Digital wallets & AI threats to reshape ID security

Digital identity specialists expect 2026 to bring rising adoption of digital wallets and decentralised identity, alongside a shift in cybersecurity towards continuous monitoring of human and machine identities as organisations grapple with AI-driven threats.

Executives at Ping Identity said digital ID schemes and autonomous AI agents will reshape how organisations think about trust, risk and security over the next year.

The comments come as governments and businesses extend digital identity infrastructure and as security teams respond to a rapid increase in AI-enabled cyber attacks.

Digital wallets

Countries across Europe, Asia and the Americas are rolling out digital ID frameworks. Financial services, travel and public sector services now frequently rely on smartphone-based credentials.

Alex Laurie, GTM CTO at Ping Identity, said public anxiety around identity theft will remain high as these systems expand.

"The use of digital wallets and digital identification will continue to accelerate globally next year. However, as governments and organisations expand these systems, the risk of social engineering scams will remain a significant concern.

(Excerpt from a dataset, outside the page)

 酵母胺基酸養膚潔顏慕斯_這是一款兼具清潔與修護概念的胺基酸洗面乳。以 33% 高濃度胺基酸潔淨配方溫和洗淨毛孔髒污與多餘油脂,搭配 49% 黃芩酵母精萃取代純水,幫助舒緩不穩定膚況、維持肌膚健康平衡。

"With AI enabling hyper-realistic phishing attempts, fake payment portals and government gateways, identity theft fears will only intensify – and with 76% of Brits already concerned, awareness is critical.

"Decentralised identity offers a solution. By using verifiable credentials with selective disclosure, individuals can retain control of their personal data while governments and organisations can securely issue and authenticate digital identities. This cryptographic verification and data minimisation method will become more widely adopted in the year ahead, combating advanced social engineering attempts."Russ Kirby, Chief Information Security Officer, Ping Identity:

The new front line is 'Identity at Runtime'

Russ Kirby, Chief Information Security Officer, Ping Identity, says in 2026, the traditional cyber perimeter vanishes, and the new front line is 'Identity at Runtime' – the continuous, real-time pulse of every human and machine identity within an organisation.

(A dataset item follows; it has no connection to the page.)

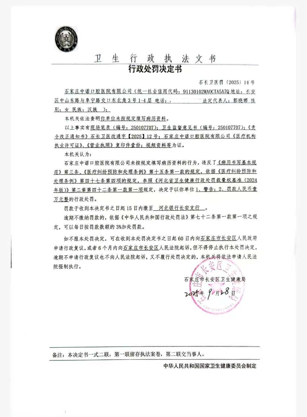 石家庄中诺口腔医院有限公司未按规定填写病历资料案

"The convergence of AI-driven adversaries, agentic automation, and identity-centric compromise is forcing a fundamental change. Security can no longer be based solely on who has credentials; it must be based on what they are doing right now

"Autonomous AI agents - 'agentic identities' - will continue to surge, acting like non-human employees that need their own dedicated management. Failure to treat these agents with the same strict governance as a human employee will create massive, fast-moving blind spots.

"Meanwhile, organisations will continue to battle the growing threat of 'Shadow AI' - unsanctioned AI tools. Static controls will be no defence on these threats. Organisations must instead shift their posture to continuous identity and runtime assurance, mapping every process and workload action back to an authenticated identity. This allows defenders to detect and block malicious behaviour the instant it deviates from the norm.

"The strategic takeaway for CISOs is clear: identity is no longer a directory entry; it is a dynamic security signal. Cyber resilience in 2026 hinges on building an 'Identity-Runtime Mesh' - uniting identity, zero trust, and real-time workload security to ensure accountability and control at speed."